Ken Ham has a huge expensive dream – to build a life size replica of Noah’s Ark and theme park in Kentucky.  And he needs to raise 29.5 million dollars to do it. 

Yesterday Dan Arel, at the blog Danthropology, called out Ham and his project:  Ken Ham Says Building His Ark Is More Important than Feeding the Homeless


Ken Ham takes on a wearied tone when he writes to rebut these sort of claims:

Nearly every time I post an update on the exciting Ark Encounter project, there seem to be those habitual complainers who claim the money should be spent on the poor instead and not be “wasted” this way. …

I think it’s a simple as this—it’s the message! The Ark project (like the Creation Museum) will in a professional, powerful, and gracious way present the truth of God’s Word and the gospel. Sadly, even some people claiming to be Christians complain about the Ark project and that the money should be given to the poor instead. Such people either don’t understand or don’t seem to care about the millions who will be reached with the most important food in the universe—the spiritual food of the saving gospel—the very message that their eternal life depends on. …
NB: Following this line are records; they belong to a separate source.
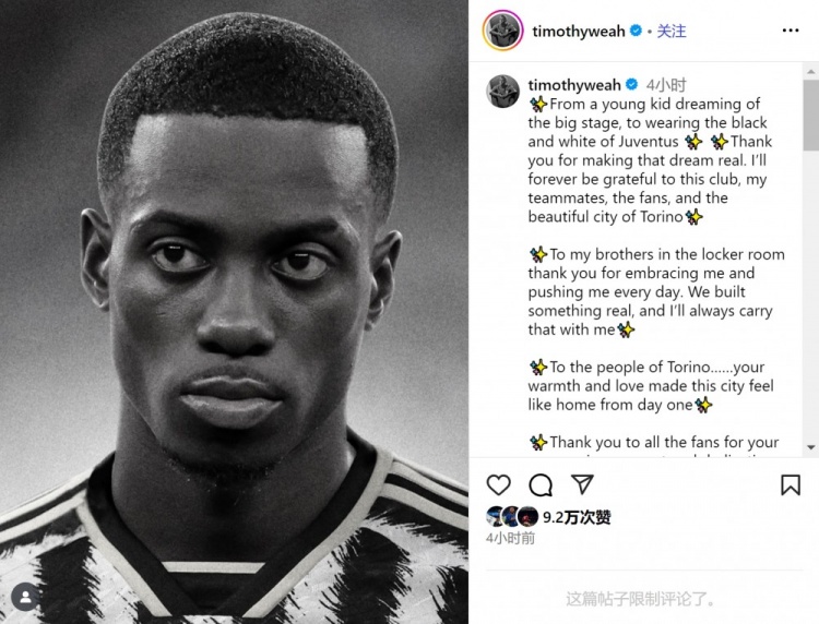 蒂莫西-维阿社媒写说念:“从一个梦思登上大舞台的小男孩,到身披尤文曲直战袍的球员,感谢你们让这个梦思成真。我将永远感恩这家俱乐部、我的队友、球迷以及好意思艳的王人灵城。
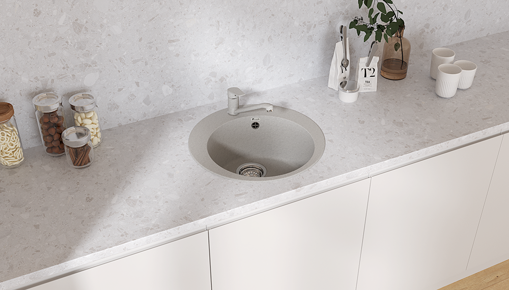 Материал мойки представляет из себя искусственный камень, который является композитом на основе натурального мрамора и связующих смол. Искусственный камень существенно снижает уровень шума при падении струи воды. Специальное покрытие гелькоут защищает поверхность мойки от загрязнений и бытовых царапин, делая уход за мойкой легким и простым.
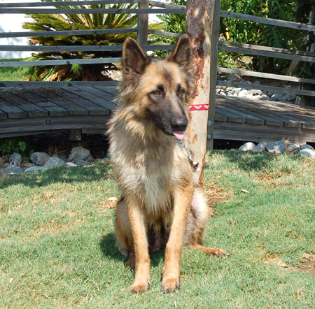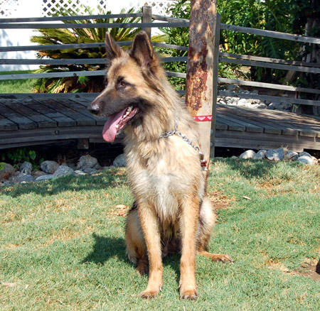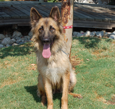August 11th was her first day out at an adoption event. She met about 12 other dogs in the rescue and was very well behaved. Gypsy is supposed to be a long haired German Shepherd . . . after grooming her, she blew out most of her coat, and because she hasn’t been given the right nutrition her fur is not as healthy as it should be, it is very dry and it started to “break” everywhere. We can’t wait too this girl bloom in a few weeks with the proper TLC. She will truly be a knock out.
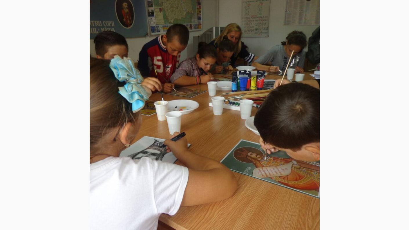 Copiii și-au continuat activitățile în sala de socializare, împreună cu doamna Alina Piștea, coordonator al atelierului de pictură de la Centrul de zi, alături de care au realizat icoane pe sticlă reprezentând portretul Sf. Voievod și a unor biserici și mănăstiri ctitorite de acesta.
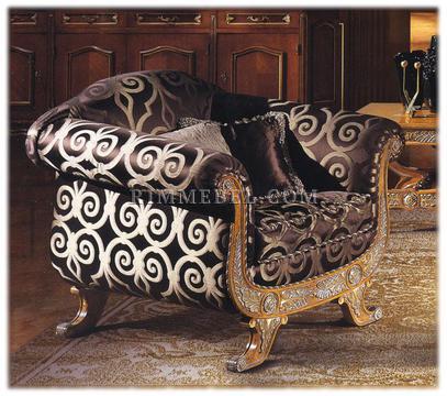 Кресло. Декорированo резьбой. Ручная работа. Наполнение - полиуретан. Возможны различные варианты отделки (красное дерево, махагон, охра, декапе и т.д.) и обивки.
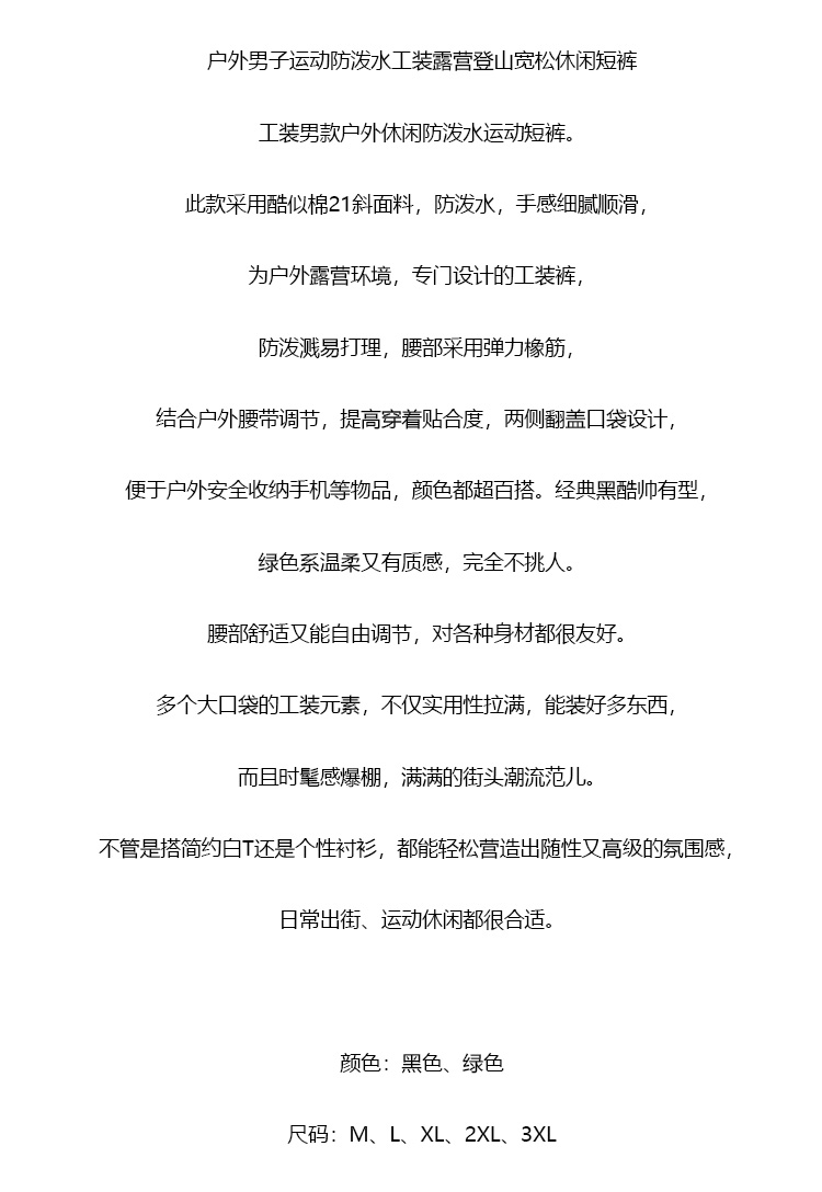 【9hd1】户外男子运动防泼水工装宽松短裤!!
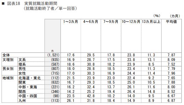 実質就職活動期間の割合を見てみると、就職活動が6ヵ月以内だったのは約47%となっており、学生の5割以上が7ヵ月以上就職活動を続けていたことがわかります。
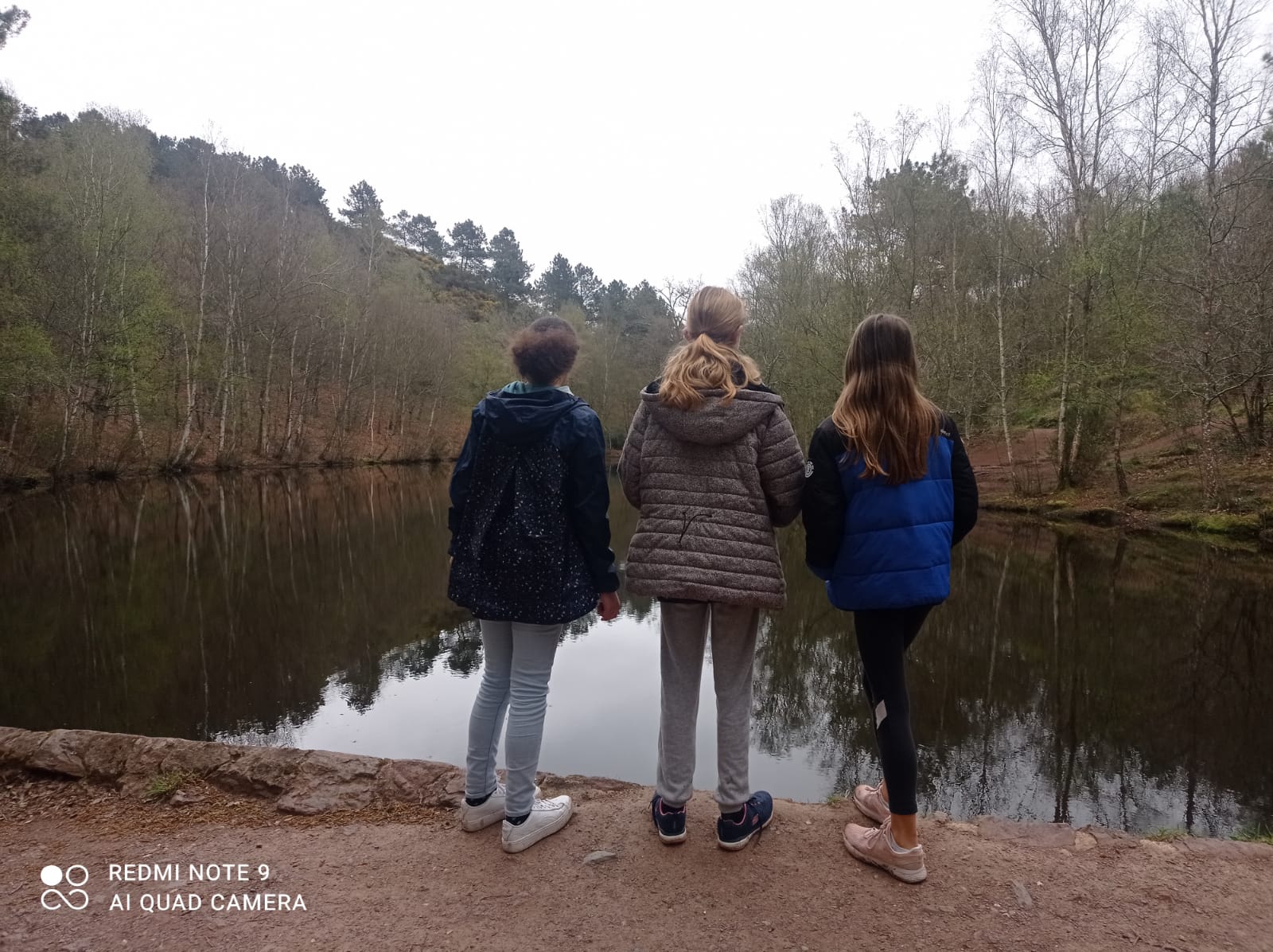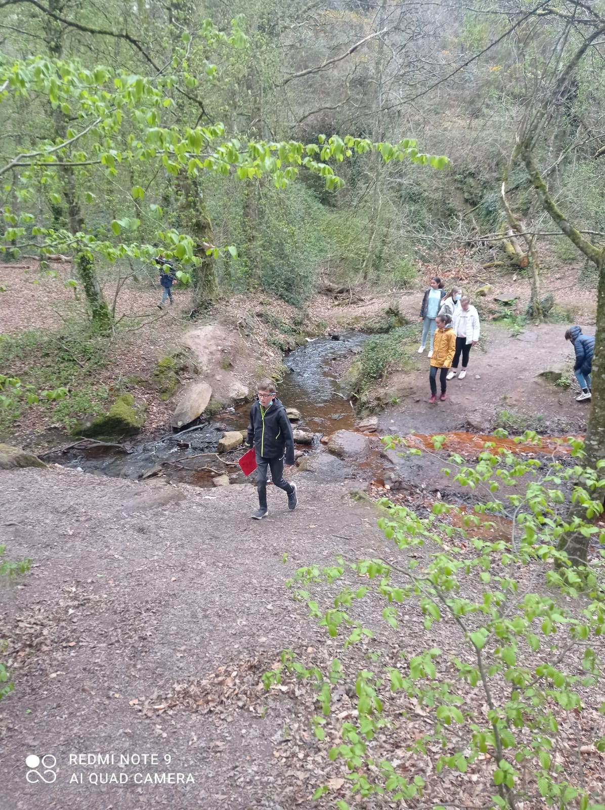 Après une petite marche , nous sommes arrivés sur les berges du Lac aux fées (le miroir aux fées) où on nous a conté la légende qui explique pourquoi toutes les eaux et la terre de Brocéliande sont si rouges :

So while it is important to help the poor and needy meet their physical needs (which we do), it is even more important to help meet their spiritual need—the need to come to know Jesus Christ, the Savior of the world—because lives—and eternity—hang in the balance….

But all this pious sounding talk about “spreading the gospel” is just window dressing.  The Ark Encounter Park is less about spreading the gospel, than it is about Ham and his fellow creationists doubling down on their insistence that their idiosyncratic young earth creationism interpretation of the biblical stories is the gospel.

Even if we were to concede that the Ark Park was, in fact, about spreading the gospel, it is still an expensively misguided project. As the founder and first General of the Salvation Army, William Booth said, “You can't tell a man about the love of God if he has an empty stomach.” 

That $29.5 million would be better spent feeding, clothing, sheltering, and educating the poor-and that would be a better proclamation of the gospel than any amusement park.


1 comment:

  1. Interesting how critical you are of people so passionate about the gospel. Your words sound like Judas suggesting the money could be better spent feeding the poor.